What I like about this version is the balance of all-purpose flour and salt. It has enough structure to feel dependable, but it still leaves room for the small adjustments I make in a normal home kitchen. If a bowl is a little smaller than I wanted or the oven runs hot, I can still steer the recipe back on track.

The recipe serves 1 and the working rhythm is 10 minutes of prep, 45 minutes of cooking. I am not trying to dress it up with extra steps. I want clear mixing, careful timing, and a finished no yeast bread that tastes like someone paid attention.

Why I keep coming back to this

  • The ingredient list is honest.I can see what all-purpose flour is doing instead of hiding it behind extra add-ins.
  • The timing is manageable.10 minutes of prep, 45 minutes of cooking gives me a realistic plan before I begin.
  • It scales into real life.I can make it for family, portion it neatly, and still have leftovers that behave well.
  • The texture tells me when it is ready.I rely on touch, color, and aroma instead of blindly trusting the clock.
  • It welcomes small changes.I can adjust sweetness, seasoning, or toppings without losing the point of the recipe.
  • Cleanup stays reasonable.I keep bowls and pans to a minimum whenever the method allows it.

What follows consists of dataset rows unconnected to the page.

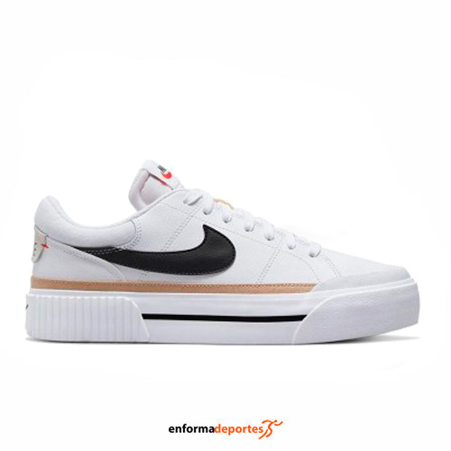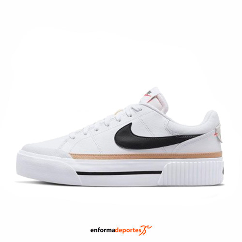Zapatilla mujer NIKE COURT LEGACY LIFT, confeccionada en su parte superior con material sintético, con mediasuela con plataforma para ofrecer un look con confianza, con suela exterior de goma para proporcionar tracción y durabilidad y talón acolchado y una lengüeta cómoda para una mayor suavidad.
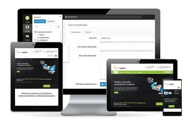 Luo uusia sivustoja joko Bonsait teemasta, kehitä oma teema tai kopioi sivusto jostakin tekemästäsi sivustosta. Hallinnoi domainnimiä sekä asiakastunnuksia yhdestä paikasta.
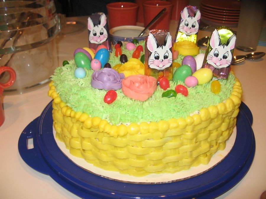 This was really fun to make! Chocolate cake with raspberry filling...my first try at a basketweave and making grass. My cousin of course had to stick her fingers in the icing, thats why its a little messed up in front.
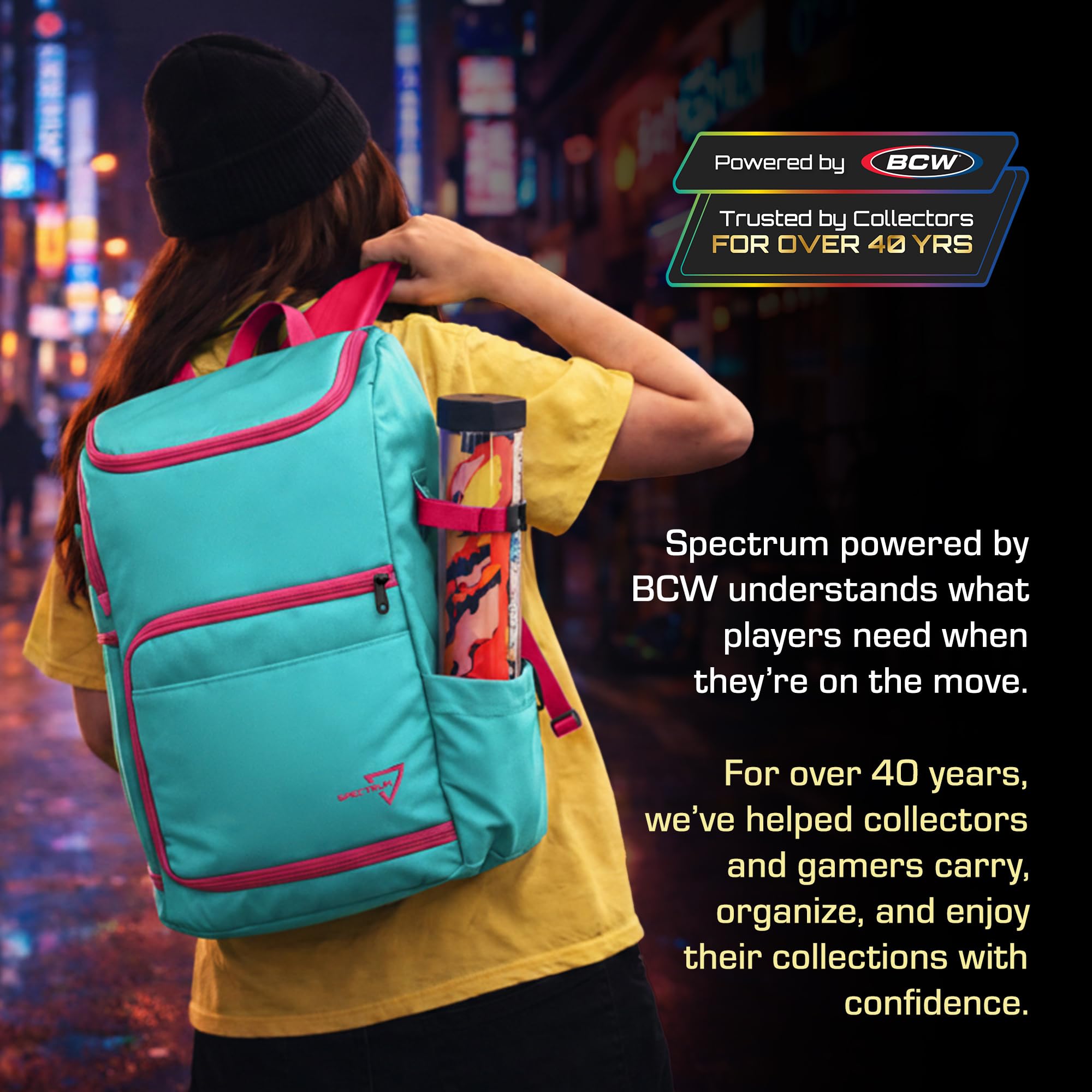 BCW Spectrum TCG Backpack | Holds 7–9 Prism Deck Cases | Configurable Storage for Cards & Gear | Playmat Strap & Side Pocket | Durable & Travel-Friendly Design | Cyber Pink/Teal
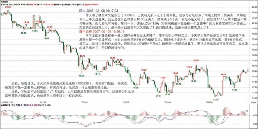 为什么前两天背驰的时候不买?关键是对走势的理解还不深,“学如不及,犹恐失之”。(2007-02-08 16:05:15)
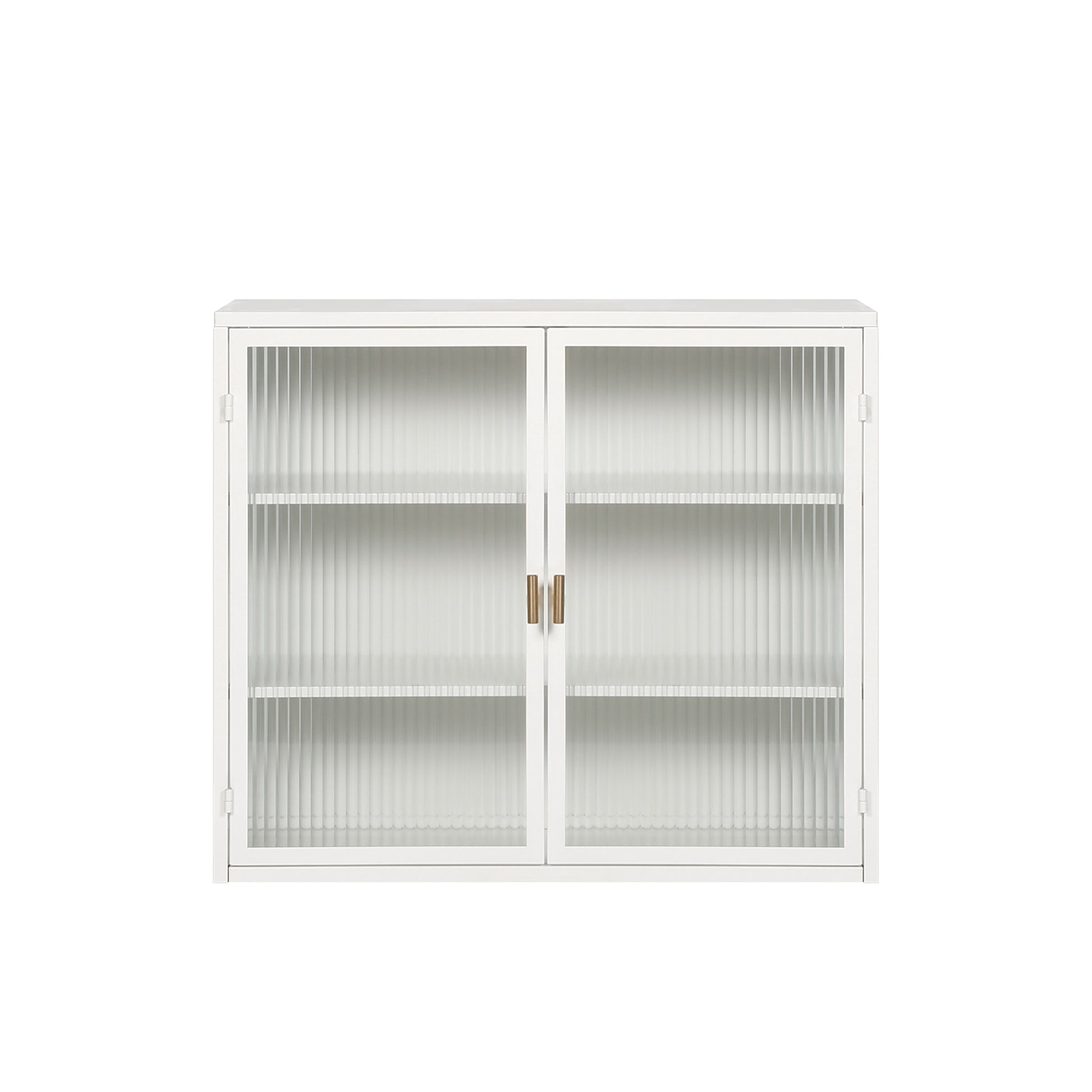 27.56"Glass Doors Modern Two-door Wall Cabinet with Featuring Three-tier Storage for Entryway Living Room Bathroom Dining Room
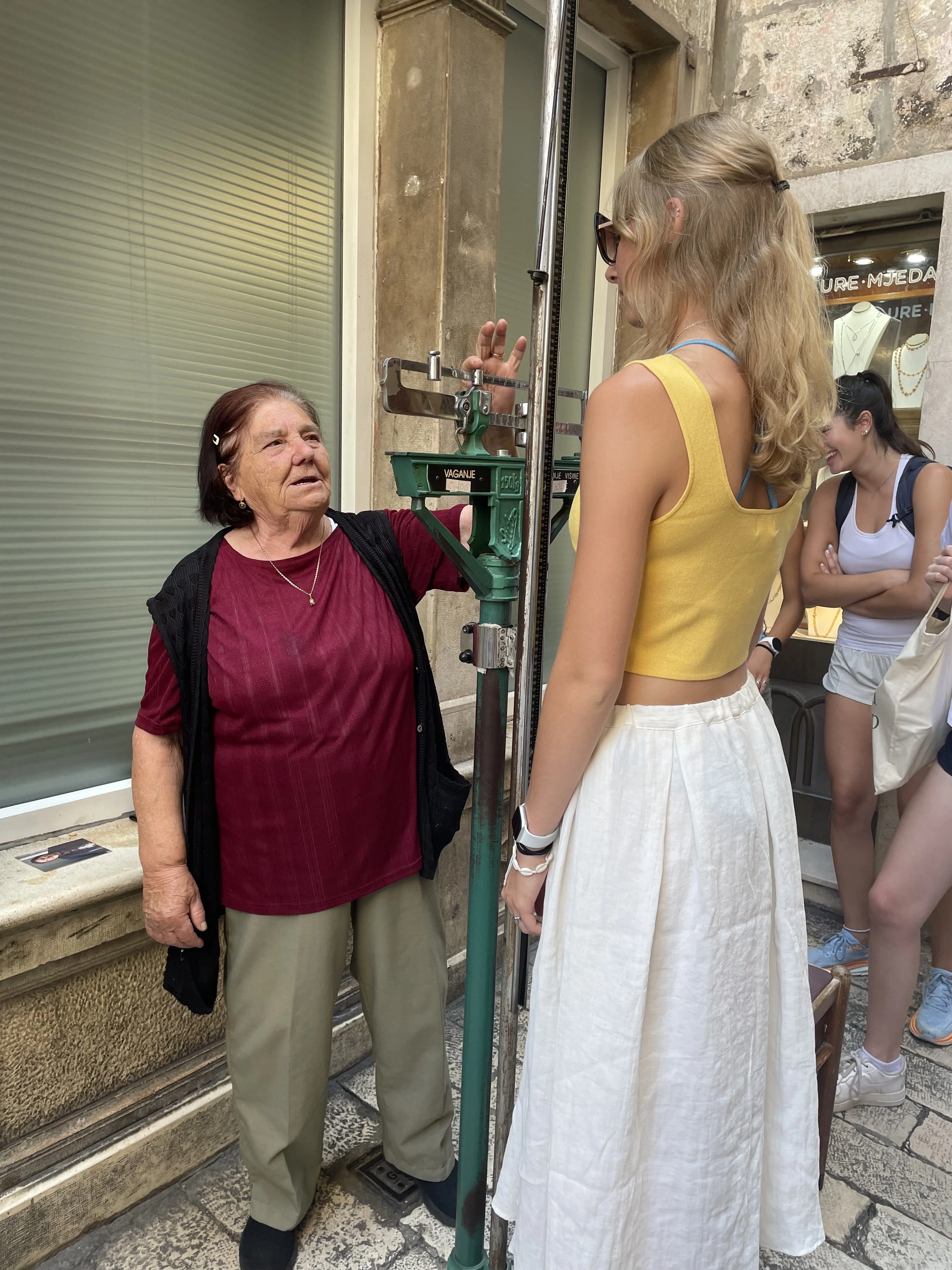 The history of Croatia is inspiring as the territory was ruled by the Republic of Venice for over 400 years. However, despite the Italian influence, the local people preserved their own traditions. We continue to walk as we pass a corner and stop to see an older woman standing with a traditional weighing scale. “This is a legend in our city” declares Anna. The woman is leaning against the windowsill behind her with a paper cup on display for small change. Her name is Maria and Anna translates as she explains that for generations, it was known that you could come to the city to get your height and weight measured on the street as no one had scales at home. Maria smiles as she tells us that her mom had done this for 30 years before she passed and she feels that it's her obligation to continue the family tradition. Even though people now have scales in their homes, she enjoys offering the service and many local people appreciate and support her. Maria and I do not speak the same language however, I was able to understand the sense of pride she has for her family and culture from the genuine tone of her voice and the slight smile washed upon her face. Maria has an appreciation for tradition.
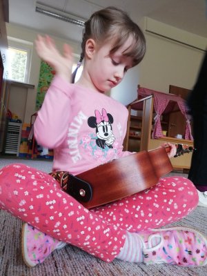 Vendy se učí hrát na ukulele
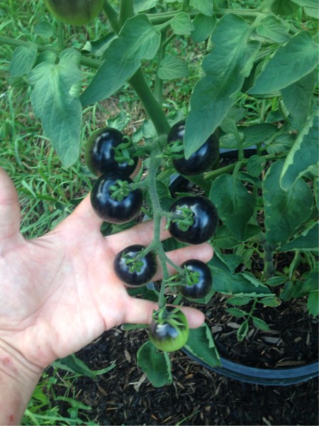Dark cluster variety in this pot, big beefy stalks off of a rather skinny potato stem.
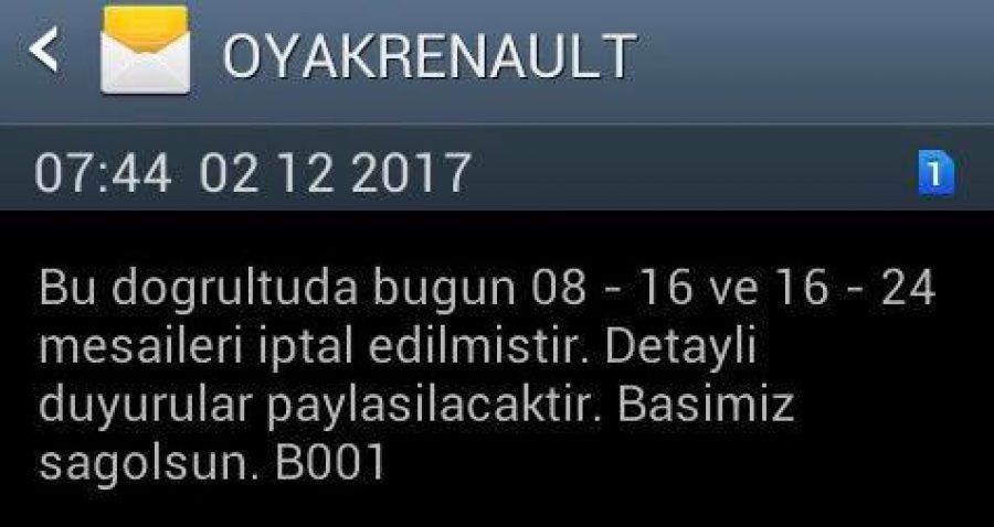 Gönderilen mesajda, "Bu gece servislerimizden birinin geçirdiği trafik kazasında acı kayıplarımız ve yaralanan arkadaşlarımız olmuştur. Bu doğrultuda 08 - 16 ve 16 - 24 mesaileri iptal edilmiştir. Detaylı duyurulular paylaşılacaktır. Başımız sağ olsun" ifadeleri kullanıldı.
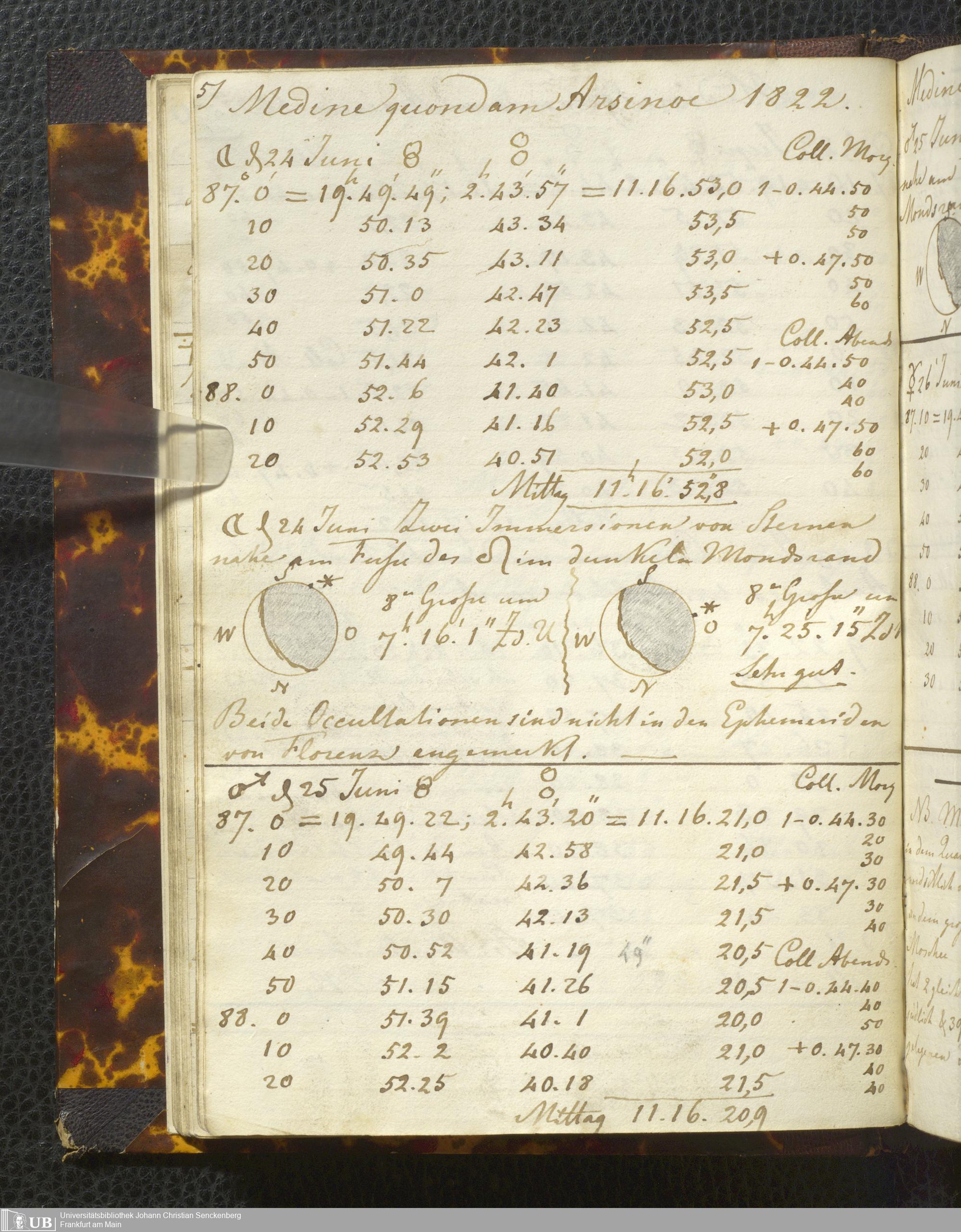 Ms. Ff. E. Rüppell I - Original Manuscript der auf meinen Reisen in Africa in den Jahren 1822 - 1827 gemachten astronomischen Beobachtungen. Sie sind sämmtlich theils in Zach's astronomischer Correspondenz, theils in dem Anhang zu meinen Reisen in Nubien pp. abgedruckt
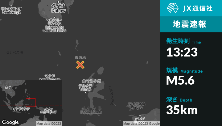 | 震源地 | インドネシアのTobeloから北西169kmの地点 |
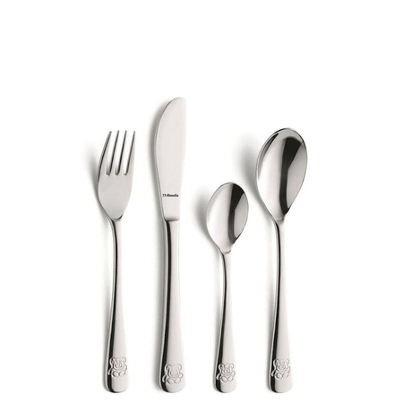 set de tacâmuri pentru copii din 4 piese din linia Teddy Bear de la Amefa din oțel inoxidabil 18/10. Gama de tacâmuri Teddy Bear este realizată cu atenție la detalii și este dimensionată pentru a se potrivi mâinilor mici, ceea ce o face perfectă pentru grădinițe. Fiecare piesă are o gravură cu un design de ursuleț de pluș. Tacâmuri cu margini netezite. Setul include:
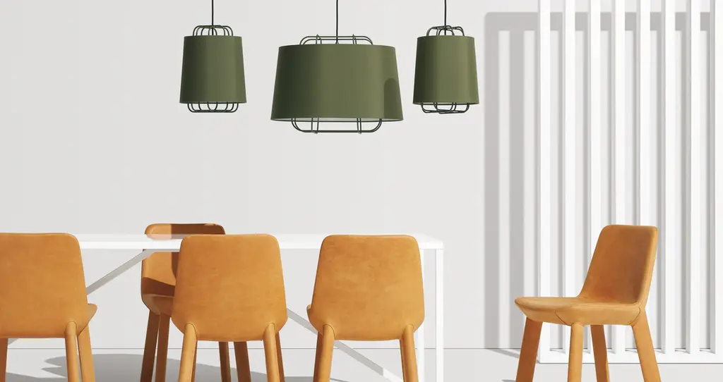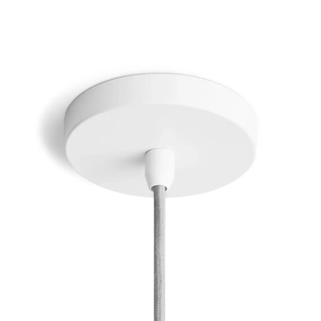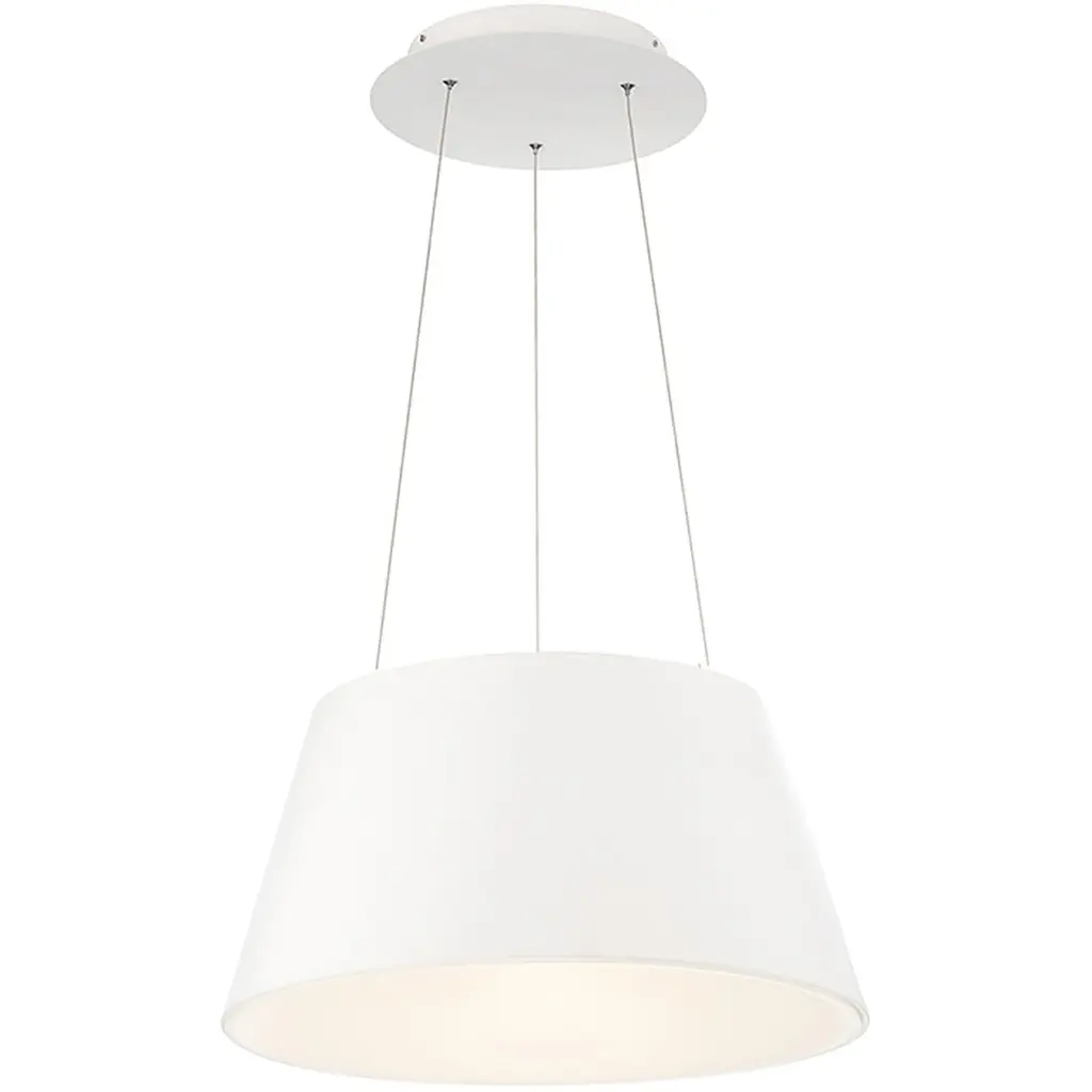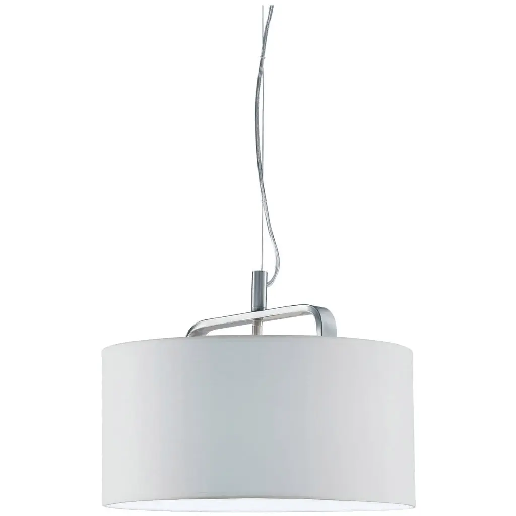 Svelte loops of powder-coated steel hold an oversized cloth-covered shade. Available in a variety of colors to suit your space. Mounts to ceiling. Small pendant light also available.
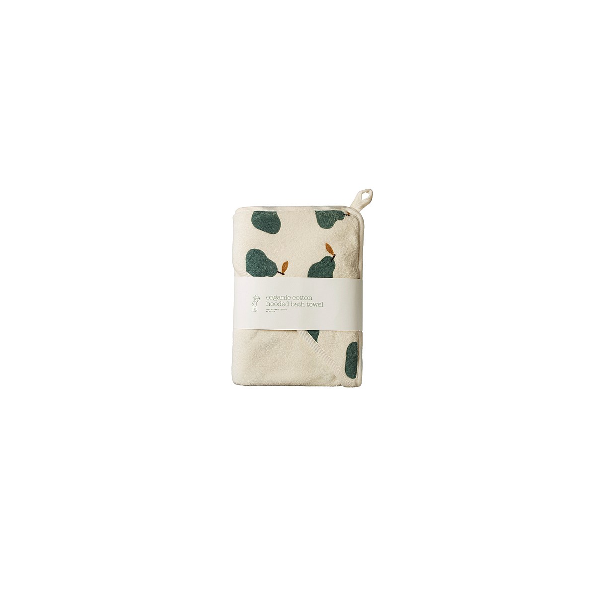 Wrap baby up nice and snug with this soft and luxuriously fluffy organic cotton beach or bath towel. The cosy hood keeps baby warm while you dry, and rib binding with a loop at the top corner allows for easy hanging.

What I use and why it matters

  • 4 1/4 cups all-purpose flour (531g).This gives the recipe body and helps it hold together when sliced or served.
  • 1 1/2 teaspoons salt.
  • 1 1/2 teaspoons baking soda.It handles structure; I do not rush this ingredient or swap it casually.
  • 4 Tablespoons unsalted butter, melted (1/4 cup; 60g).I melt it gently so it blends into the batter without leaving greasy pockets.
  • 2 Tablespoons honey (43g).It sweetens, but it also affects color and set, so I keep the amount steady.
  • 1 3/4 cups buttermilk (420ml).This is where the richness and smooth texture come from, so I measure it instead of guessing.
  • 1 Tablespoon whole oats and/or coarse sea salt (optional topping).

How I make it

Step 1 — Set up

Preheat oven to 400°F (204°C). There are options for the baking pan. Line a baking sheet with parchment paper or a silicone baking mat, use a seasoned 10-12 inch cast iron skillet, or grease a 9-10 inch cake pan or pie dish. Set aside. Feel free to pre-heat the skillet in the oven too, though that’s not necessary.

Step 2 — Mix the base

Whisk the flour, salt, and baking soda together in a large bowl. Set aside.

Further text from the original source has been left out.